The clinical peculiarities and differential diagnosis of Rett syndrome are reviewed from the Department of Pediatrics Children's Clinics, East Hospital, Goteborg, Sweden. The four clinical stages of classic Rett syndrome are as follows. 1) Early onset stagnation, 2) rapid developmental regression, 3) pseudostationary period, 4) late motor deterioration. A variety of atypical variants have been described including some in boys. The development during the first few months of life is sometimes abnormal, rarely there is no subsequent deterioration phase, and occasionally seizures occur early as infantile spasms. The term “formes frustes” has been coined for these abortive variants. The differential diagnosis in Rett syndrome stage 2, which includes rapid developmental regression, increased irritability, screaming episodes and loss of acquired skills, is as follows: Infantile neuronal ceroid lipofuscinosis, encephalitis, toxic encephalopathies, epileptic encephalopathies, infantile autism, neurocutaneous syndromes, glutaric aciduria, amino acidopathy, and ataxic cerebral palsy. Biologic markers and effective screening procedures for an early diagnosis are lacking. A possible viral origin with a disorder similar to SSPE is now being suggested as an etiology of this syndrome. [1]

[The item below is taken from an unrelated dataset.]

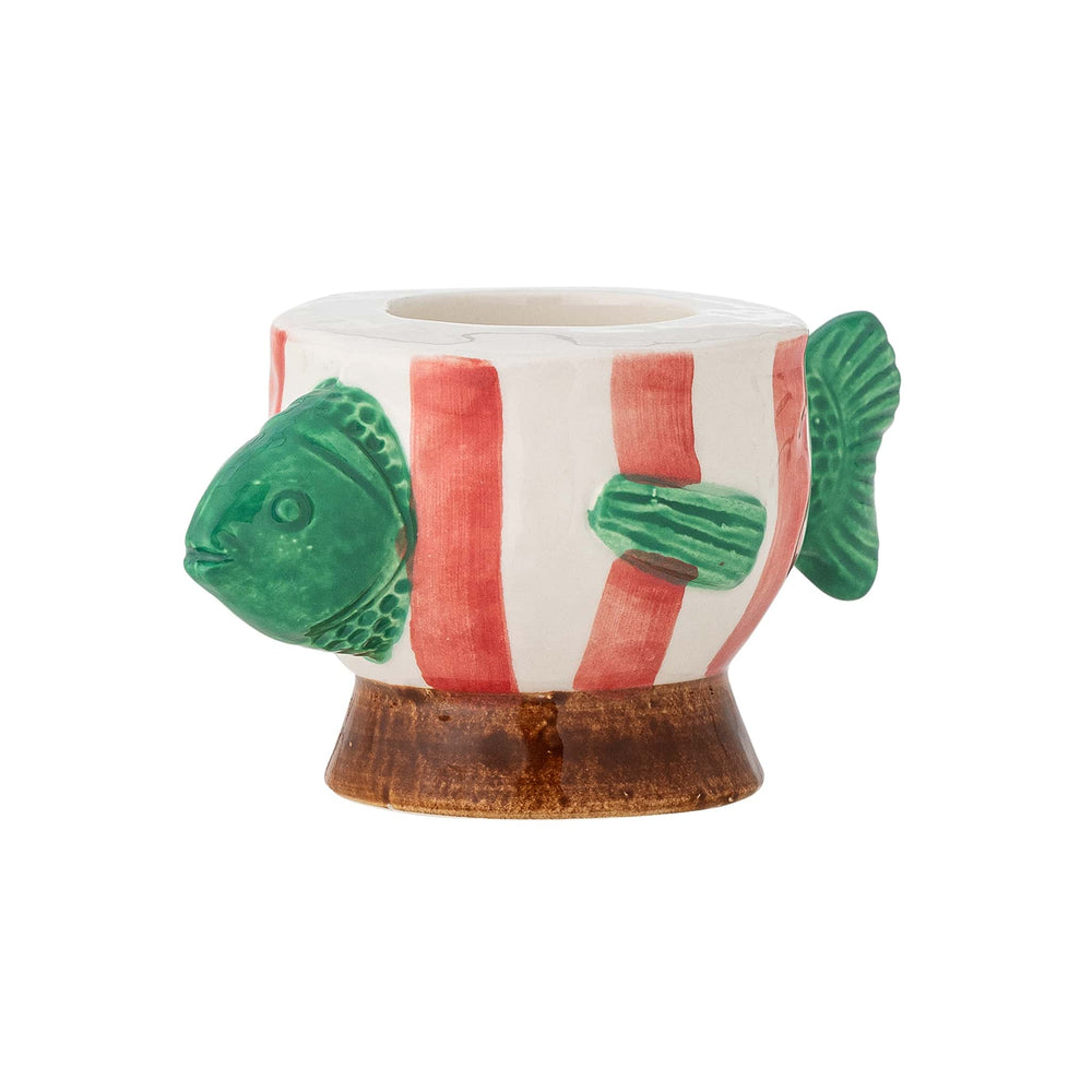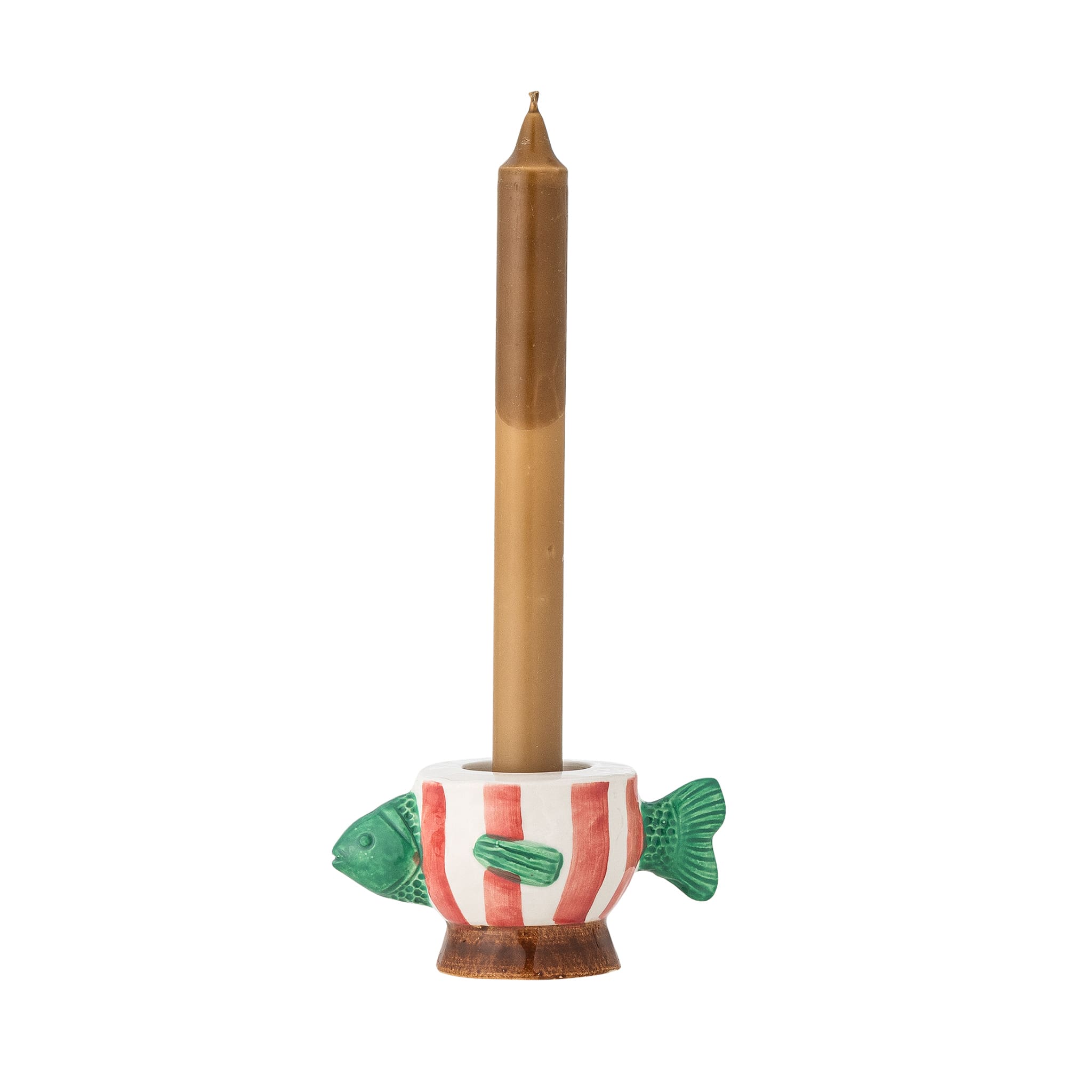 The Codia candle holder has a funky fish design. The red and white stripes add a pop of colour to any room. The green head and tail feature delicate hand-painted scales.

COMMENT. As the author concludes, the Rett syndrome concept is broader than previously believed and atypical variants must be recognized. Autopsy findings have been surprisingly limited even in advanced stages of the disease and have included moderate cortical atrophy and general brain shrinking with increasing age. Microscopically, there was mild gliosis without evidence of storage, underpigmentation in certain nigral structures, and axonal changes suggestive of degeneration in ascending and descending tracts.

Biochemical findings have included a reduction of brain noradrenaline, dopamine and seratonin, but no consistent abnormalities have been found. A genetic basis for Rett syndrome has been suggested but not satisfactorily confirmed.